I'm so pleased you said this, SK, because I was beginning to think I'd became a sniper from the sidelines who sees less and less good about his original homeland?   On the other hand, having just reread Peter Hopkirk's THE GREAT GAME it's tempting to believe that slipshod governance in Britain isn't merely a C20th phenomenon, but a grand old British tradition? 

Reading the account of the Younghusband campaign (1904) to invade Tibet militarily (something our marvellous British parliamentarians had thought a wizard wheeze at the time) is one of the most depressing things I can imagine.  After the assault on Guru (50 miles from Gyangtse, on the road from what is now Everest Base Camp), when Younghusband's men gunned-down 700 monks armed with flintlocks, one of his subalterns wrote in a letter home "I hope I shall never again be asked to machine-gun men who were walking away".

But "timid" and "bungling" certainly ring true for me.  Two months now after the Burmese monks demonstrated, what has Mr Broon done?  Well, he has wrung his hands.  He has "called for action". But he himself has taken no action at all.  The "Myanmar" Embassy in London remains intact with all its staff in place (although Mr Milliband found himself able to expel four Russian diplomats three months earlier, for reasons he couldn't really explain except that he scored Brownie Points with George for it).
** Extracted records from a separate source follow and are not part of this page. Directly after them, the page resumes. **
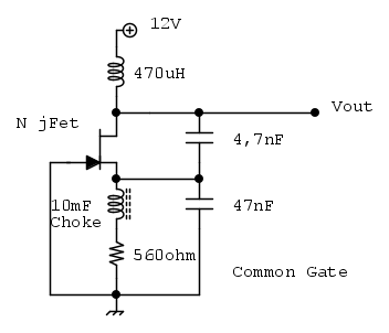 per poi verificare che all' innesco, sul Gate, ad ogni oscillazione la tensione, faccia aumentare quella precedente sul Source (guadagno maggiore di uno) fino a che il circuito non si stabilizzerà con un guadagno unitario intervenendo le saturazioni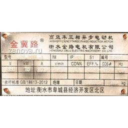 Мощность 15 кВт, скорость вращения 1460 об/мин (4 пары полюсов), 3Ф ~, напряжение 380 В, частота 50 Гц.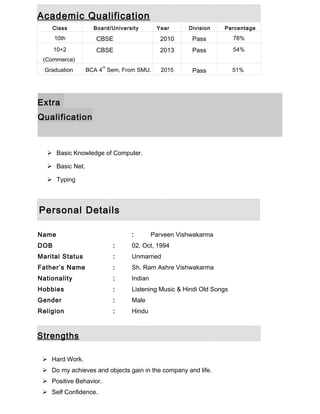 Parveen Vishwakarma is seeking a challenging position that provides career growth. He has 6 months of experience as a data entry operator for Dahiya Enterprise and currently works as an e-commerce executive for Sneha Unique Footwear. He completed his 10th and 12th exams through CBSE and is pursuing his BCA degree. His strengths include hard work, positive behavior, and self-confidence.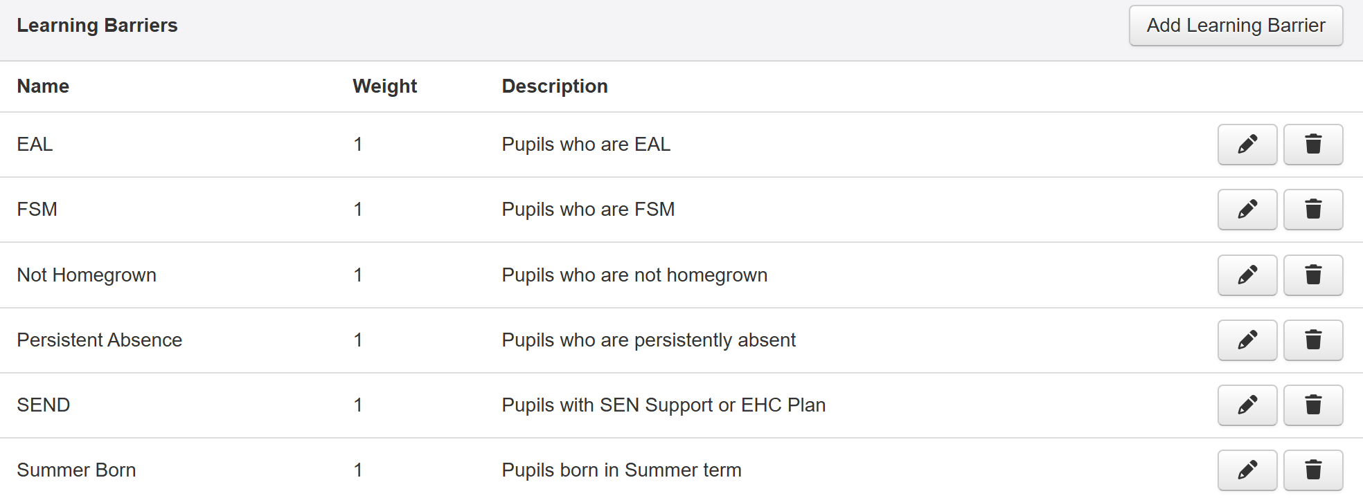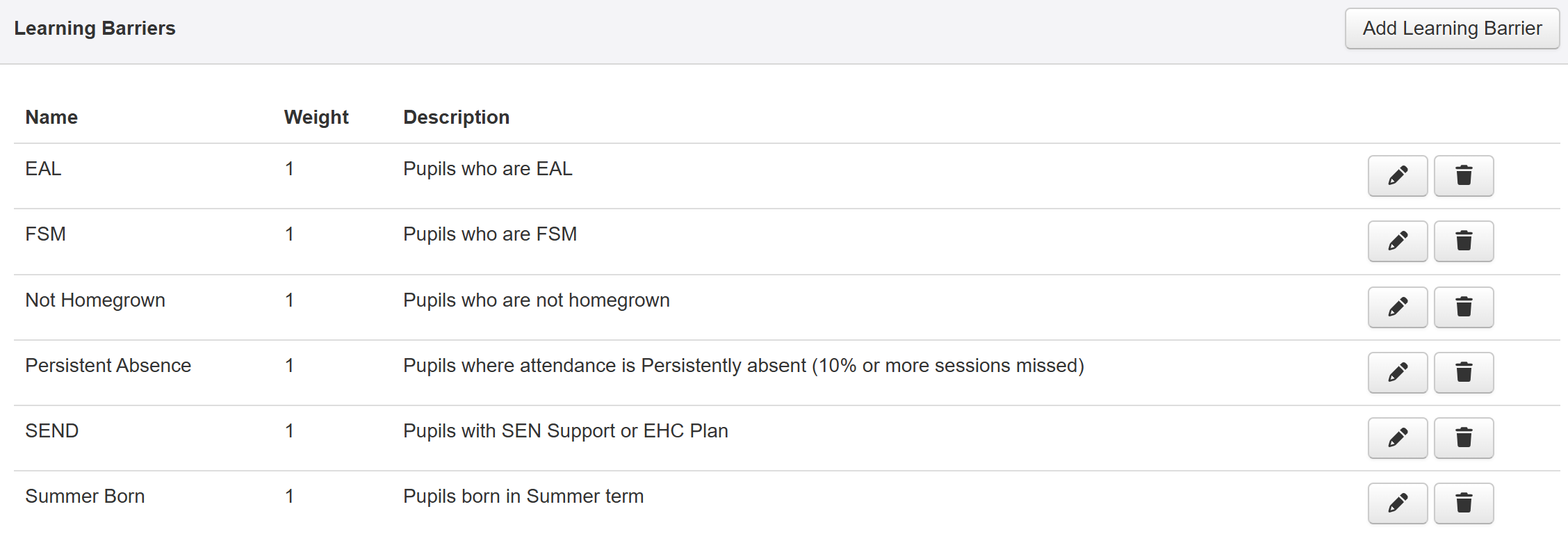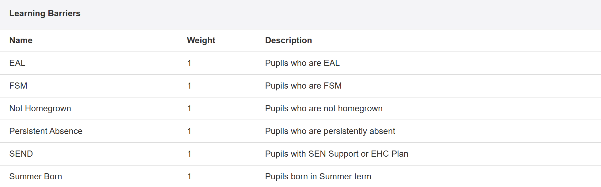 Each is given a weighting of 1, meaning a pupil will be given a score of 1 for any of the listed barriers they match. Their total score being the sum of those matches.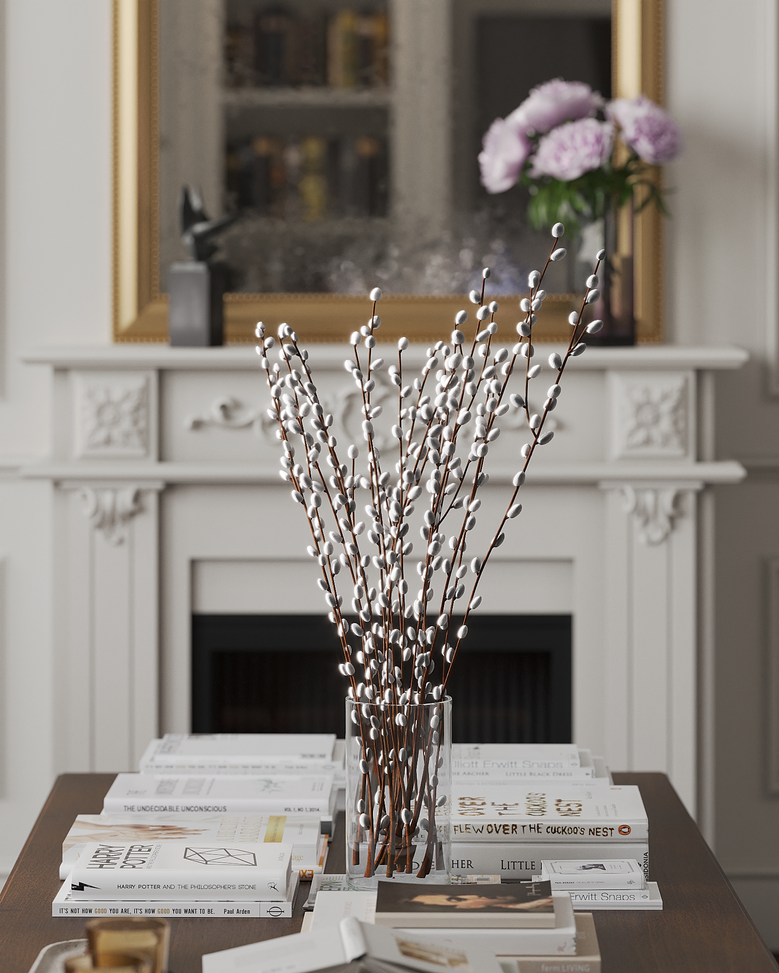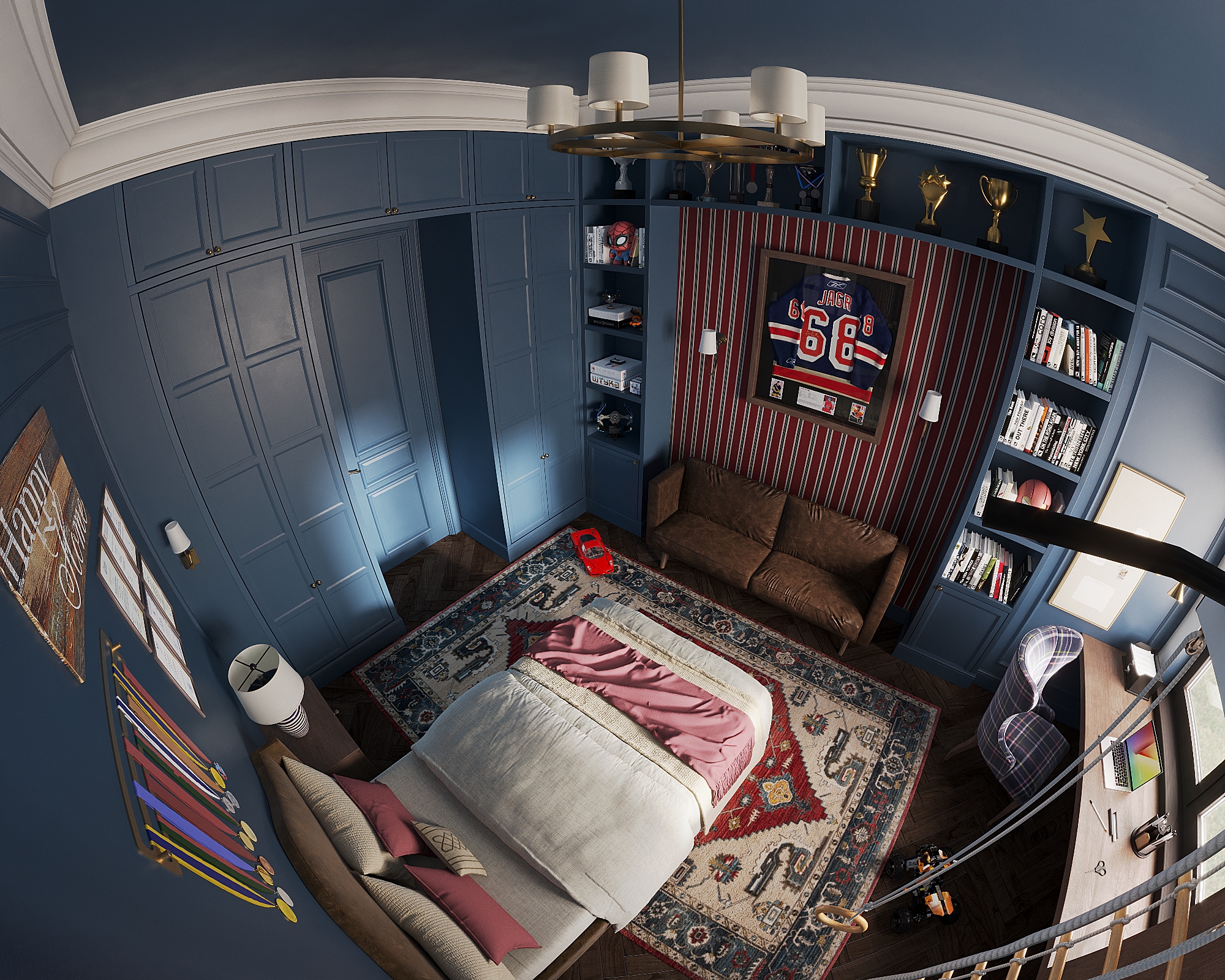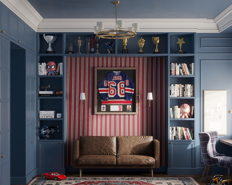Каждое помещение имеет свой акцент. В гостиной — симметричные книжные стеллажи. На кухне — мраморная столешница. В прихожей — лепнина и зеркало. Комнаты подростков отражают их хобби. В ванной — мрамор и стильная сантехника.

Myanmar still banks in the City Of London (goodness me, we don't want to let wishy-washy things like human rights get in the way of banking...).

The latest, of course, is Britain's eager rush to bomb Iran.  Mr Milliband supports the idea completely.  Of course I'm sure that his being a jew with an American wife, and spending every free moment in America doesn't influence his position as British Foreign Secretary.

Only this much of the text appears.